The ex-Chelsea legend and former captain of Lasso’s AFC Richmond is a sparking live wire in a season that's otherwise short on the dramatic tension since Lasso cleaned up most the conflicts that gave him purpose last season. The team's owner, Rebecca (Hannah Waddingham), who initially hired the clueless Lasso to sabotage the team, is now rooting for her boys to win. Her nemesis, piggish ex-husband and former club owner Rupert (Anthony Head), is out of the picture. The players are mostly pulling in the same direction, even preening bad boy Jamie Tartt (Phil Dunster).

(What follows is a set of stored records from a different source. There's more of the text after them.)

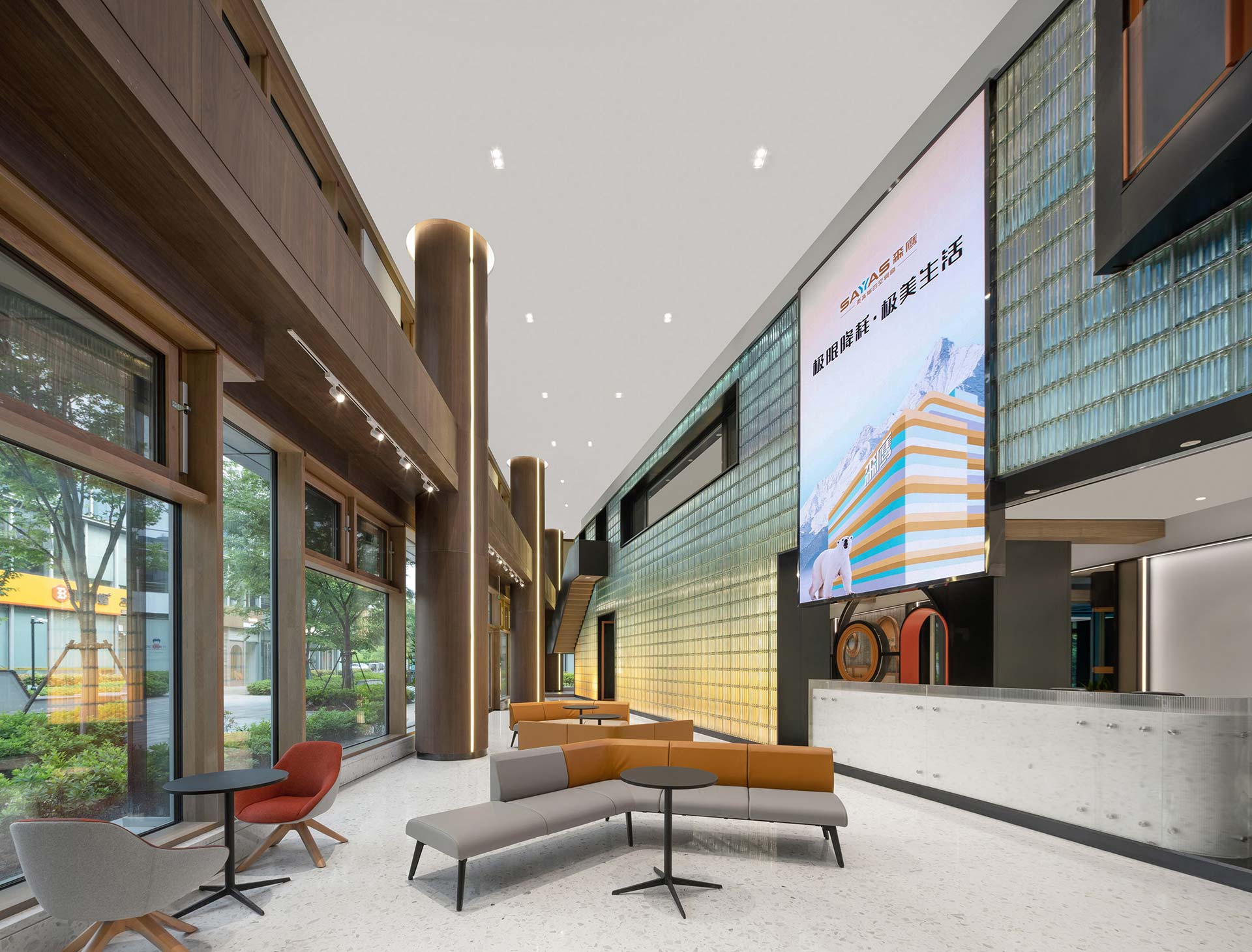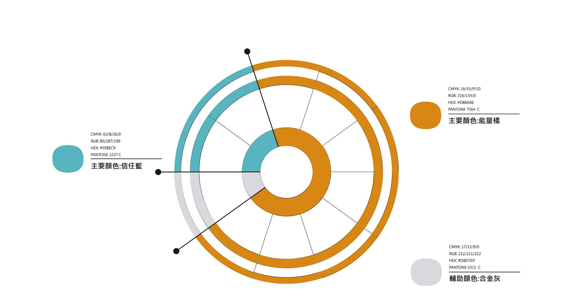 標準色選用「能量橘」與「信任藍」,代表日出與日落時分,日與夜交叠的兩段時間,在這一天兩次的神奇時刻里,人們隔著一面窗,也能感受到溫暖、交融、啟發,體驗在冷熱之間穿梭的關系,感受溫度嚴謹而有效率地在室內及室外空氣中流動,發現新時刻的崛起與改變。
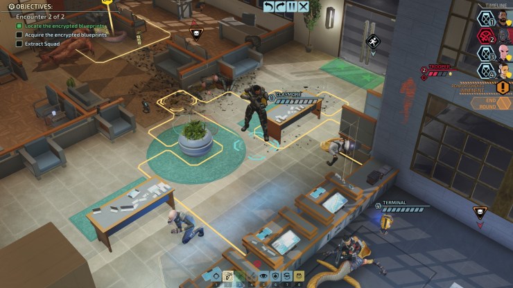 Game play is not too much different of that of previous XCOM games. The only exception is that of Breaches. Breaches are moments that the player positions squad mates at entry points into the next area with either a positive or negative buff attached. The number of enemies in the viewable breach point and the chances of danger are also present to allow players to determine if it is worth it to place an agent at an area to risk damage. After the player has chosen a entry point for each agent, the agents blow the door and are granted with a pre-game turn to slay a few enemies and obtain knowledge about the area and enemies. Breaching adds a small amount of strategy to the game; it allows the player to take note of how many enemies there are and of what type so that they can plan ahead.
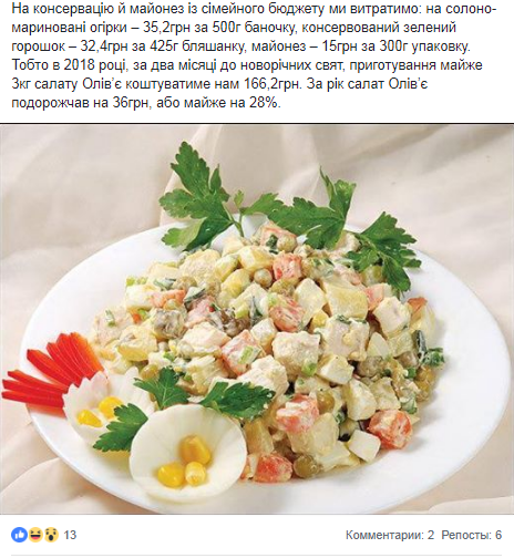 "В 2017 году приготовление почти 3 кг салата "Оливье", которых будет достаточно для большой семьи из 8 человек, обошлось бы в 130,2 грн", - написал Дорошенко.
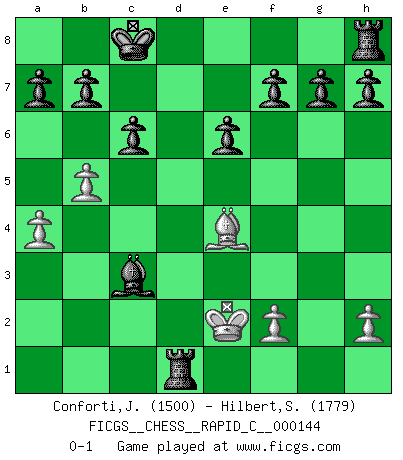 Last move : 0-1 2018 May 14 23:17:28 [Event "FICGS__CHESS__RAPID_C__000144"] [Site "FICGS"] [Date "2018.01.02"] [Round "1"] [White "Conforti,John"] [Black "Hilbert,Stephan J."] [Result "0-1"] [WhiteElo "1500"] [BlackElo "1779"] 1.e4 d5 2.exd5 Qxd5 3.Nc3 Qa5 4.d4 Nf6 5.Bd3 c6 6.Nf3 Bg4 7.O-O Nbd7 8.Qe1 Bxf3 9.gxf3 e6 10.Bf4 Qb6 11.Na4 Qxd4 12.Bg3 Qxa4 13.b3 Qa3 14.c3 Nc5 15.Bc2 Qb2 16.Qc1 Qxc3 17.Rd1 Qxf3 18.Qf4 Qxf4 19.Bxf4 Nd5 20.Bd2 Bd6 21.b4 Na6 22.a3 Nac7 23.Rab1 Nb5 24.Rb3 Nd4 25.Rb2 Be5 26.Be4 Ne2+ 27.Kf1 Bxb2 28.Kxe2 O-O-O 29.a4 Nc3+ 30.Bxc3 Bxc3 31.b5 Rxd1 0-1 This chess game has been lost on time (started : 2018.01.02 11:47:37) Scandinavian (centre counter) defense Kingside Castling by player White (move 7) Queenside Castling by player Black (move 28) Player Black won this chess game. Follow this game move after move (download)At this time Fischer is simply a level above all the best Chessplayers in the world. (John Jacobs) Obwohl ich vom Stil her kaum zu den Priestern der Schachkunst gezählt werde, halte ich Schach doch für eine Kunst. (Tigran Petrosjan) Cuando la partida de Ajedrez termina, el Peón y el Rey regresan a la misma caja. (Irish saying) L'ordinateur a tué l'originalité. Il n'y a plus guère d'aventures sur l'échiquier. (Jacob Murray) Now the reason the enlightened prince and the wise general conquer the enemy whenever they move and their achievements surpass those of ordinary men is foreknowledge. (Sun Tzu)
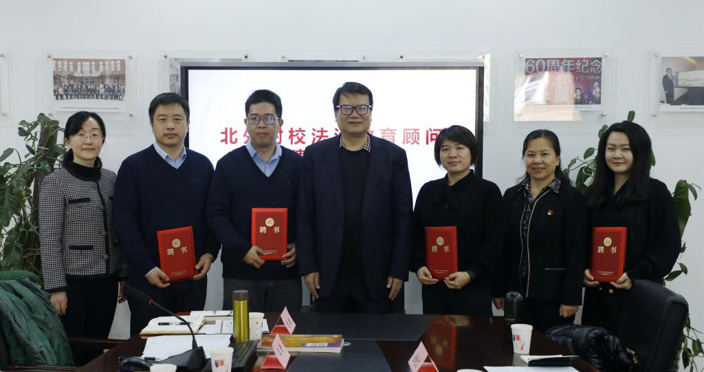为建立经常性的交流机制,更好地向专家们请教,北外附校特聘请我院米良教授、姚金菊教授、张海征教授、闫冬副教授和金晓文老师为法治教育顾问,林卫民、张继军向各位专家颁发了聘书。

Lasso's biggest challenge is no longer spreading goodwill among embittered football fans, but whether he should or should not seek counseling from the club's new therapist, Dr. Sharon (Sarah Niles). There's only so much gee whiz, okey dokey, go get 'em tiger babble one can weather per episode now that it's been stripped of purpose and reduced to window dressing.

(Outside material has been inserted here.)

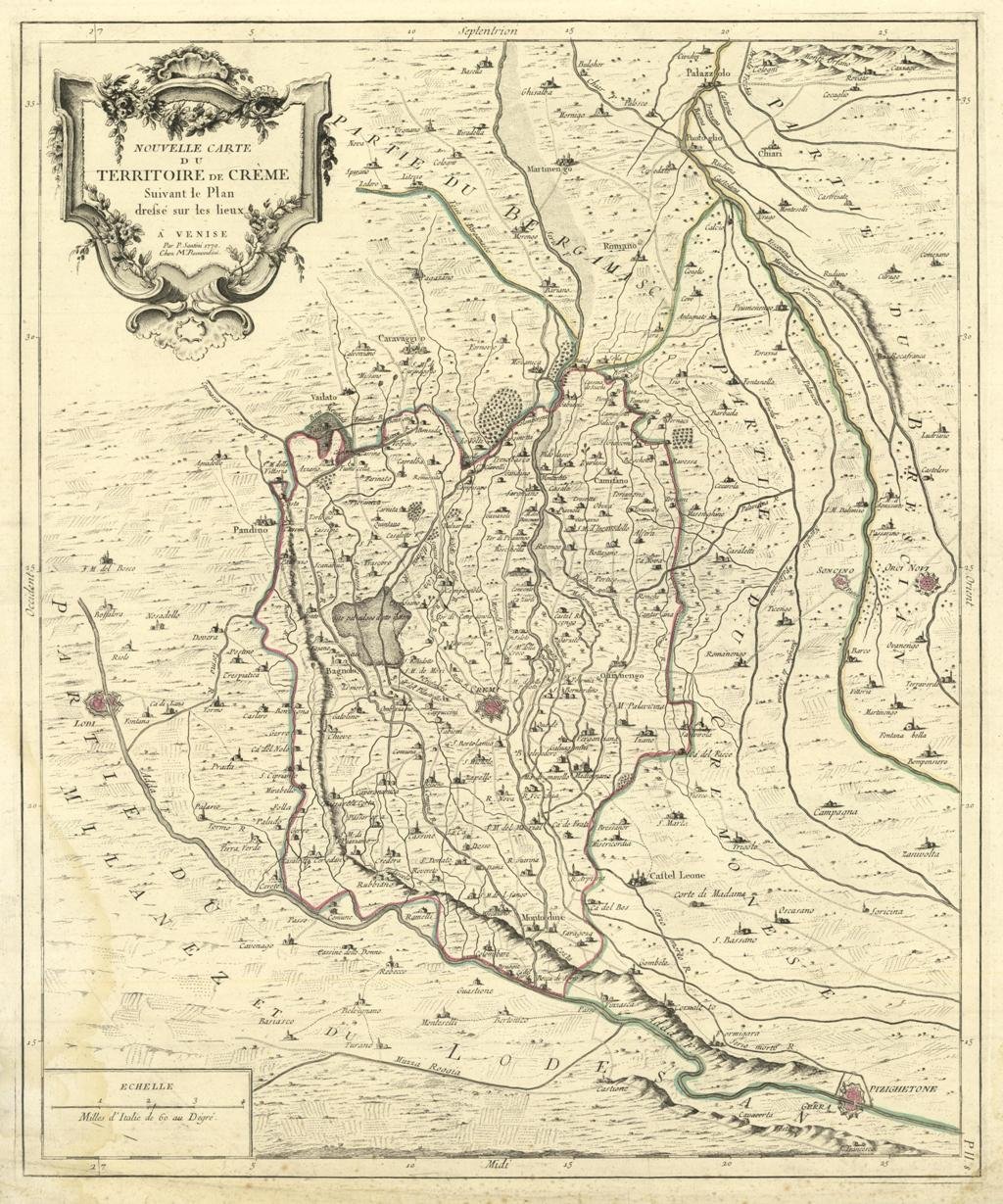 Carta geografica del territorio cremasco, con coloritura coeva ai confini. Buone condizioni, piega, leggero alone in basso a sinistra

But when Kent begrudgingly tries his hand at a new career as a television sports pundit, there's not a "Believe" sign in sight — literally or metaphorically. After he marches into the studio to the tune of the Sex Pistols' “Anarchy in the UK” ("I am an antichrist / And I am an anarchist"), his first response to his fellow panelists' empty prattle is a grunt. When asked how he thought his former team played during a recent match, he doesn't Lasso his words, either: "They played like s—," he says. “They were too timid. They were too respectful. ... That’s no excuse to play like you’re afraid of ‘em. You could see it in their faces. Abject terror. Like children waiting in line for the handsy Father Christmas. Have some f— pride in your shirt or don’t f— wear it." Amen and effin' A.

The series needs an edge. Even on arrival, praised to the hilt for its "niceness," the show felt like a throwback, a white savior story tucked inside a little-team-that-could tale, wrapped in a fish-out-of-water comedy.

Until the appearance of Dr. Sharon (a cipher) all of the main characters were white save for Nate (Nick Mohammed), the kit man-turned-coach. And despite a minor expansion here or there in Season 2, most of the the players from Africa and Latin America still don't have backstories, though Dani Rojas (Cristo Fernández) does have an exaggerated accent. That cartoonish representation —"Football is life! Ayayayay!" — doesn't feel new either.

Even the two leading women, who've had much fuller arcs, are based on retro female tropes: the scorned divorcée seeking revenge on her ex for cheating on her with a younger woman and the tart/groupie with the heart of gold (Juno Temple). That social media didn't pore over its shortcomings as it does most TV shows suggests that timing is everything. (So are race and gender.)

All "Ted Lasso" has had to do to set itself apart from the sardonic fare that folks are seemingly desperate to avoid right now was to be nice — a pretty low bar, if we're being honest. That a white, straight man who's not a jerk is seen as a groundbreaking awards darling says more about TV's excess of white, straight, male antiheroes than it does "Ted Lasso."

Imagine if Issa Rae or Mindy Kaling had pitched a show about a nice lady who teaches lost souls how to be better people by simply being polite and courteous to them. That sort of passivity, and earning applause for it, is a privilege of those already in power.

Of all the incredible television that has aired since the start of the pandemic — “I May Destroy You”, "Insecure," "Ramy," “Never Have I Ever” "PEN15," "Better Things," all series, notably, created by women and/or people of color — it's not terribly surprising that the light and easy "Ted Lasso" resonated when it did. But that might also say something about why, one year later, it feels increasingly out of step, save for its last character with edge, Roy Kent.